Репрезентативная выборка. Выборка, пропорциональная контингенту по значимым показателям, таким как соотношение между количеством мужчин и женщин, социоэкономический статус и возраст и т.п.
Ретроспективные исследования. После того как событие произошло, экспериментатор исследует прошлое, чтобы определить причину этого события.
Самопрограммирование. Склонность действовать таким образом, который влияет на экспериментальные результаты так, что мы получаем результаты, соответствующие нашим ожиданиям.
Случайная выборка. Выборка, куда с одинаковой вероятностью может попасть любой человек из контингента.

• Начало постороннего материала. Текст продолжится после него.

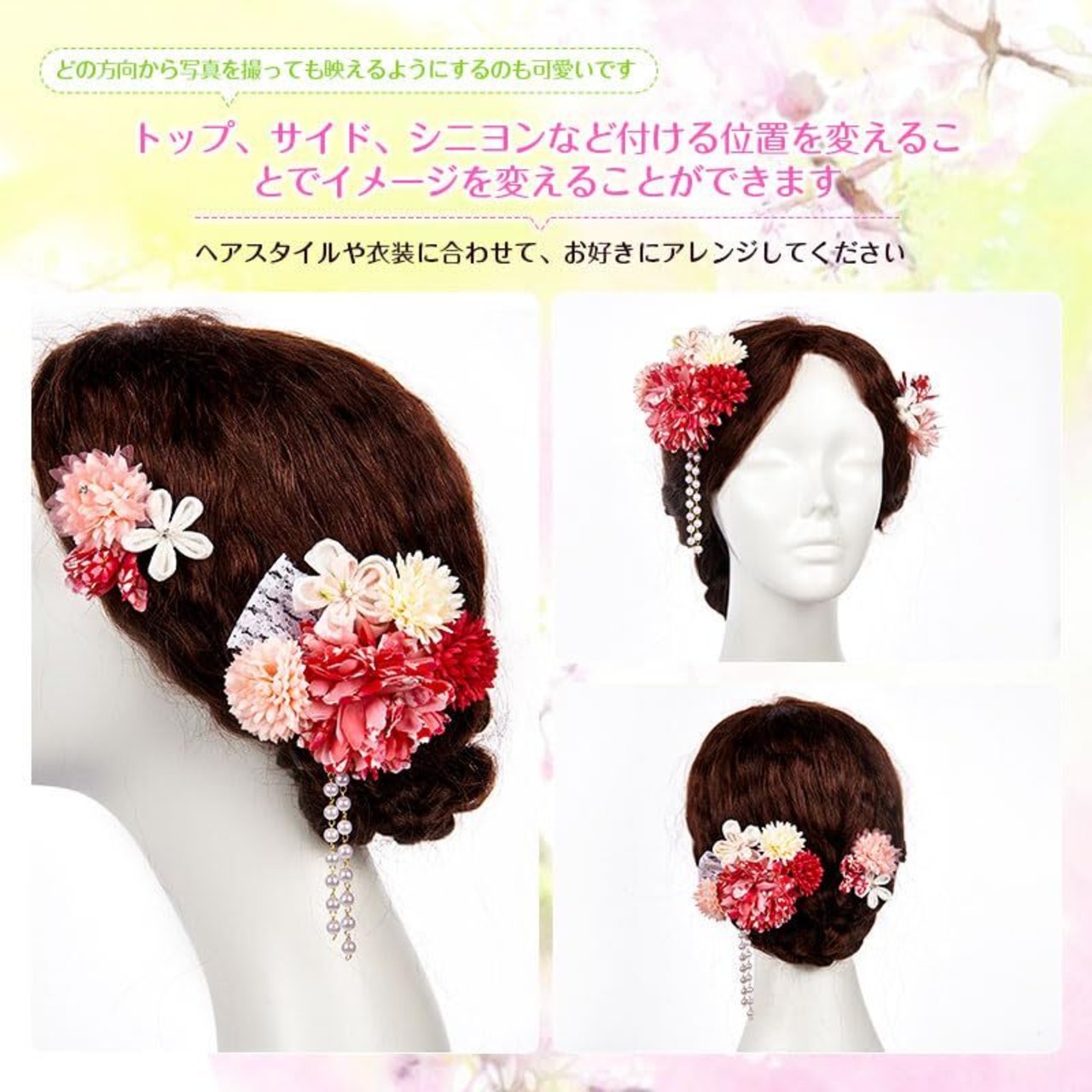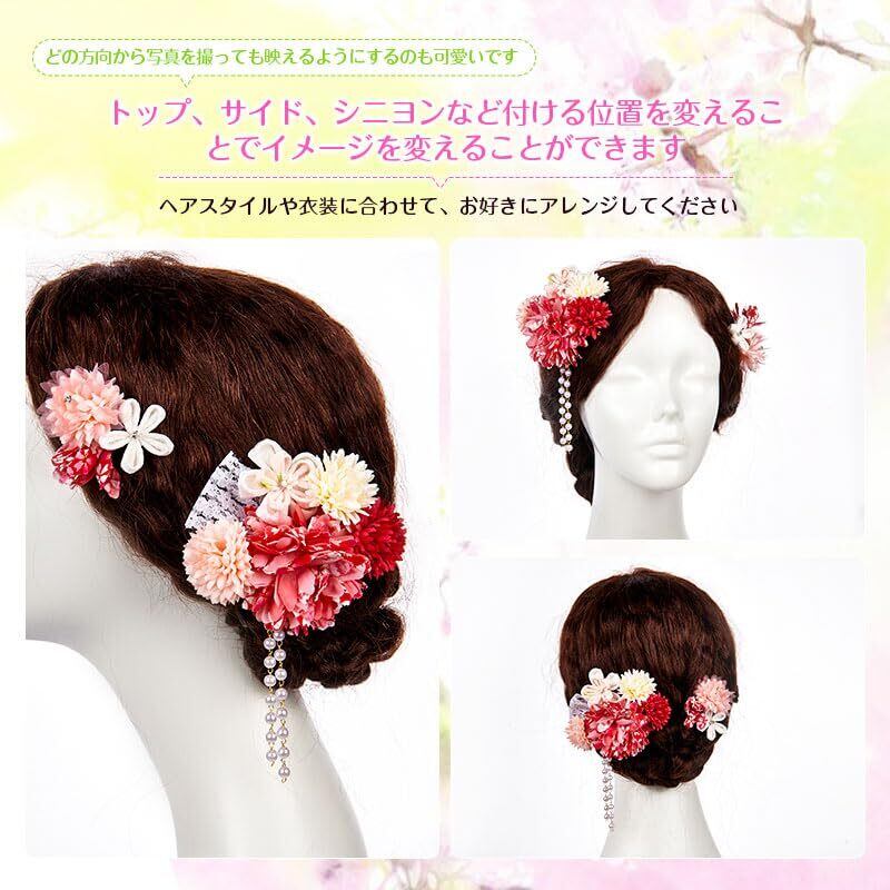 【用途】お花の髪飾りです。成人式の髪飾りは前撮りに最適。夜会巻き、アップヘア、サイドアップ、お団子、編み込みなど人気のまとめ髪の補助やアクセントにオススメです。子供さんは卒園式・七五三・お正月・お祝い事・桃の節句などにオススメです。大人の方は結婚式・パーティー・謝恩会・成人式・卒業式など華やかなお席の和装、振袖姿や浴衣のコーディネートにぴったりします。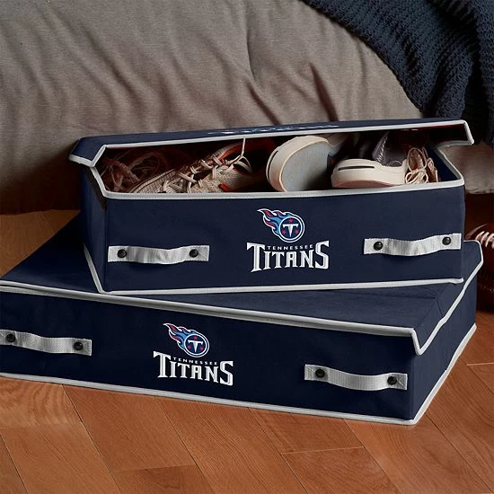This Franklin Sports Tennessee Titans collapsible storage bin conveniently slides under your bed for storage.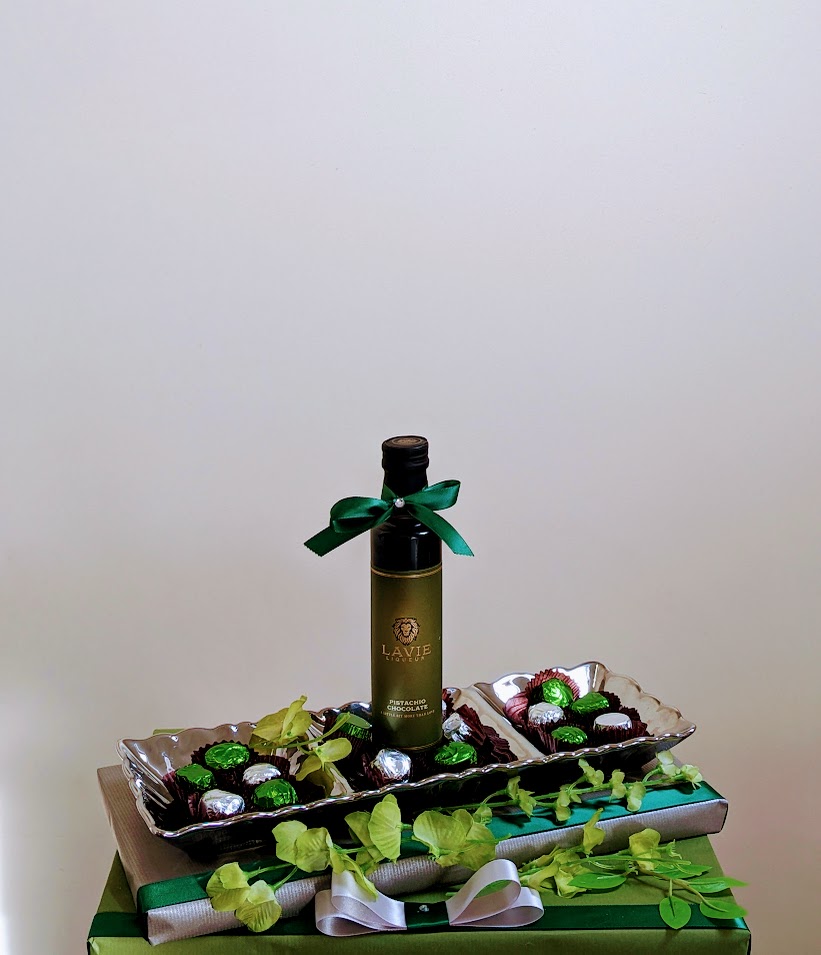 Mishloach Monos includes a bottle of Lavie Pistachio Liqueur (250ml) and a Porcelain Silver Compartment Dish with an assortment of Symphony Chocolates.
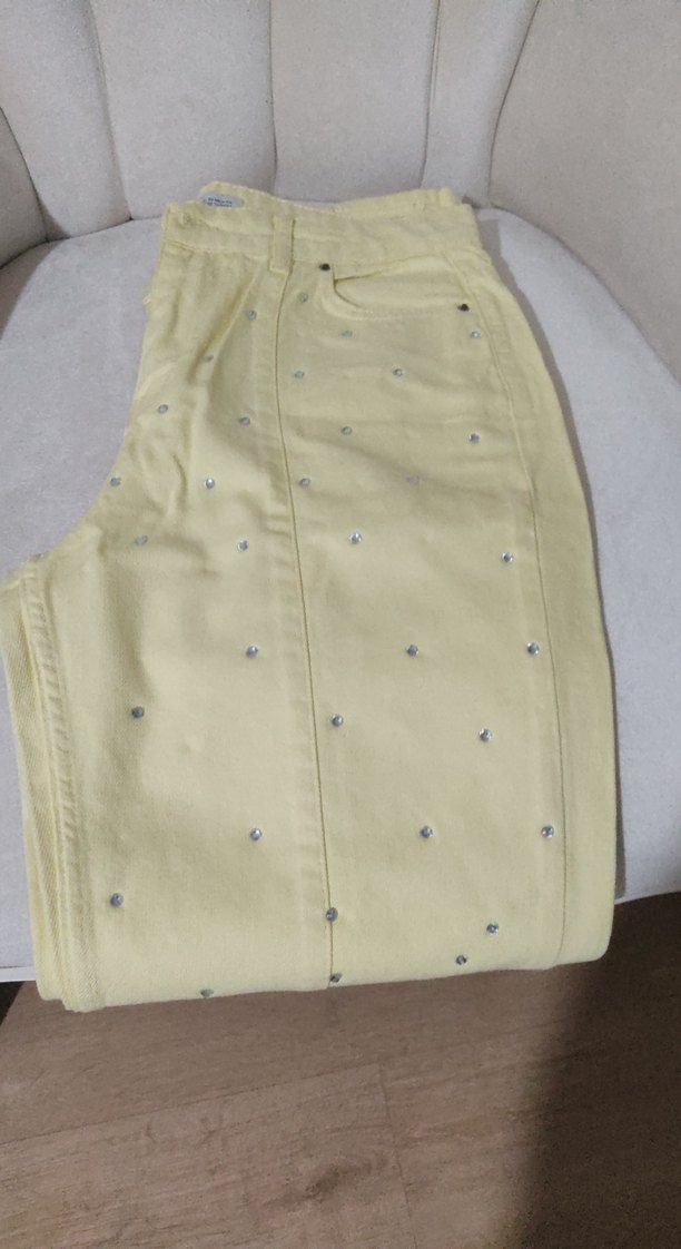 Düğmeli ön kısmı taşlı, paça yırtmaçlı ve regular kesimiyle pastel sarı midi kot pantolon. Yumuşak sentetik kumaştan, gündelik kullanıma uygun normcore tarzında, küçük taşlarla süslenmiştir.

Смешанное влияние факторов (confounding). Когда экспериментальные группы отличаются по нескольким показателям, невозможно выделить влияние каждой из переменных. Например, если вы обнаружили, что девочки-подростки получают более высокие результаты при тестировании вербальных способностей, чем мальчики в возрасте до 12 лет, то вы не поймете, связаны ли эти различия в вербальных способностях с половыми или с возрастными различиями между группами.
Удобные выборки. Группы людей, используемые в качестве выборки, которые легко доступны как участники эксперимента. Такие выборки могут не быть репрезентативными для контингента, из которого они отобраны.
Чувствительность измерений. Возможность при измерениях определить небольшие изменения зависимой переменной.